A gallery has to be confident of its status in the art world to feel happy with the contribution of Simon Dybbroe Møller (b.1976), a Danish artist based in Frankfurt, Germany. “Inside the Ceiling, Inside of You” (2005) (a title redolent of PS1’s icky body art survey, “Into me/Out of me”) is a well-worn installation art joke. Using varnish, coffee, plasterboard, a plastic bucket, and newspaper, it makes out that the gallery has sprung a leak and is doing its best, in makeshift fashion, to cope with the situation. It had me fooled on the first viewing, and my dog tried to have a drink on the second.

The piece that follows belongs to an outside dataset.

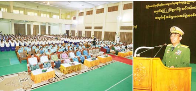
တည်ဆောက်မည့် မြေနေရာကို ကြည့်ရှုစစ်ဆေး ကြီးကြပ်ရေးရုံး၌ ယန္တရားကြီးများနှင့် ထောက်ပံ့ရေး ပစ္စည်းများ ထိန်းသိမ်းထားရှိမှုတို့ကို ကြည့်ရှုစစ်ဆေး သည့်။ ယင်းနောက် ဒဂုံမြို့သစ်မြောက်ပိုင်းရှိ ဗဟို လေ့ကျင့်ရေးကျောင်းနှင့် ဒဂုံမြို့သစ်ခရိုင် ဖွံ့ဖြိုးမှု ဘဏ်

၏ စဉ်ဆက်မပြတ် ကြိုးစားအားထုတ်လေ့လာမှုများ ကြောင့် ယခုအခါ မဟာဝိဇ္ဇာဘွဲ့၊ ၇၃ ဦး၊ မဟာသိပ္ပံဘွဲ့၊ ၁၄၇ ဦး၊ M.Res ဘွဲ့၊ ၅၅ ဦး၊ Ph.D ဘွဲ့၊ ၁၇၅ ဦး၊ B.E ဘွဲ့၊ ၃၀၃ ဦး၊ M.E ဘွဲ့၊ ၁၅ ဦး၊ B.Tech ဘွဲ့၊ ၄၅၂ ဦး ရှိလာ သည်မှာ အားရကျေနပ်ဖွယ်ဖြစ်ပါကြောင်း ပြောကြား ပြီး ပြည်ထောင်စုဝန်ကြီးနှင့်ဝန်ကြီးဌာနများမှ ကိုယ်စား လှယ်များက ဝိဇ္ဇာဘာသာနှင့် သိပ္ပံဘာသာထူးချွန်ဆရာ ကျောင်းသားများအား ထူးချွန်ဆရာများ၊ သင်တန်းဆင်း ကျောင်းသား ကျောင်းသူများအား အလုပ်ခန့်အပ်လွှာ များ ပေးအပ်သည်။ ထို့နောက် အဆိုပါဒီဂရီကောလိပ် အစည်းအဝေး ခန်းမ၌ ကျောင်းအုပ်ကြီး၊ ဒုတိယကျောင်းအုပ်ကြီး၊ ပါမောက္ခ/ဌာနမှူးများနှင့် တွေ့ဆုံဆွေးနွေးပြီး ကောလိပ် မိုးလုံလေလုံအားကစားရုံ၊ လေးထပ် အင်ဂျင်နီယာအလုပ်ရုံ၊ ဘောလုံးကင်းနှင့် ဖြူကြည့်စင်၊ အိပ်ဆောင်များနှင့် သုံးထပ် ကျောင်းသူအိပ်ဆောင်

Claudia Wieser (b.1973) has created an installation in a back gallery, “Proménade geométrique” (2005/ 2006), which anticipates its temporality through inbuilt mechanisms of decay. The floor is coated in aluminum foil that chips as visitors walk through it. Like other artists in this show, the installation has a retro feel, but of an older vintage: Ms. Wieser has papered the walls with black-and-white photocopies of geometric shapes whose intersecting, obtuse angles are redolent of the Futurist motif of fanning searchlights. The sensation is an odd mix of somber and upbeat. The blown-up, grainy, graphic quality of the walls makes one feel as if one is not just viewing, but has actually been sucked into a news report.
Until August 18 (530 W. 22nd St., between Tenth and Eleventh avenues, 212-929-2340). Prices: $5,000–$20,000.